Ability to Resist Mutational Damage in Fibroblast Cells Correlates with Species Life Span
Researchers here report on an interesting in vitro exercise in the comparative biology of aging. They took fibroblast cells from ten difference mammalian species with widely divergent life spans and chemically induced DNA damage in the cells. Modern DNA sequencing approaches allow an accurate measure of the amount of mutational damage produced by this chemical treatment, which in turn allows a comparison of the degree to which cells from different species can resist such damage via the operation of DNA repair systems. Long-lived species have more efficient DNA repair mechanisms, as determined by this approach.

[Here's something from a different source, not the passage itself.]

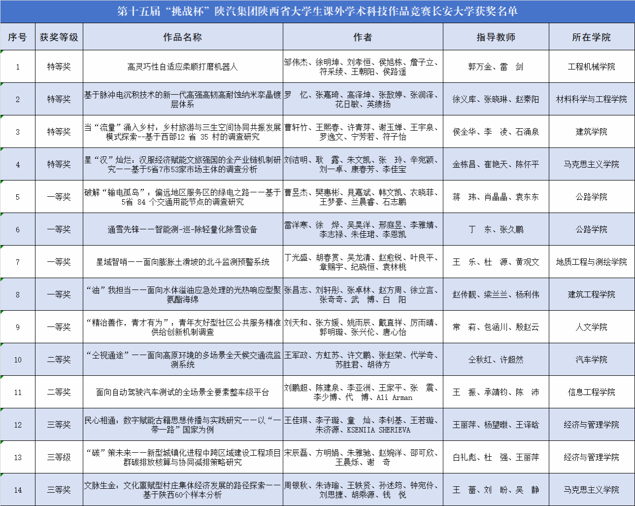 5月24日,由共青团陕西省委、中共陕西省委教育工委、陕西省科学技术协会、陕西省社会科学院、陕西省学生联合会、西咸新区管委会联合主办,西安工业大学承办的第十五届“挑战杯”陕汽集团陕西省大学生课外学术科技作品竞赛闭幕式暨颁奖仪式在西安工业大学未央校区举办。环球ug登录网站推报的作品获得特等奖4项、一等奖5项、二等奖2项、三等奖3项,环球ug登录网站再次捧得赛事“优胜杯”。

We test the hypothesis that excess mutations induced in primary fibroblasts by a low dose of N-ethyl-N-nitrosourea (ENU) are inversely correlated with species-specific maximum life span. To measure excess mutations induced by ENU we treated primary cells of 10 mammalian species, greatly differing in life span. We treated all cells with a low dose, non-toxic dose of ENU (20 ug/ml). We then extracted DNA from all treated and untreated cells and quantified somatic mutation burden by single-molecule sequencing. We measured excessive mutations by calculating the increase in single nucleotide variants (ΔSNVs) and we analyzed this across species with linear regression.

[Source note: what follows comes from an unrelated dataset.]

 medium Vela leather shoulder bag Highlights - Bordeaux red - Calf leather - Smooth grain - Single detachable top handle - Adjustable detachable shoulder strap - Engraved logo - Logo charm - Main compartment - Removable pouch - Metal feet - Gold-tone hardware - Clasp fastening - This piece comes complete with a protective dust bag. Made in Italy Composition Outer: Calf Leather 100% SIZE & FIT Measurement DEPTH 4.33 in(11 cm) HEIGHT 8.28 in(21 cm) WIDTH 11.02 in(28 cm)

The average values for ΔSNV were found to range from 0.773 in mice to 0.367 in whale, resulting in a modest inverse correlation with species-specific maximum life span (R^2 = 0.2067). We conclude that DNA repair accuracy, the main determinant of genome sequence integrity, modestly correlates with life span suggesting that longer lived species have better repair capacities compared to shorter-lived species, which is in keeping with genome instability being a primary hallmark of aging and highlights its important role for longevity.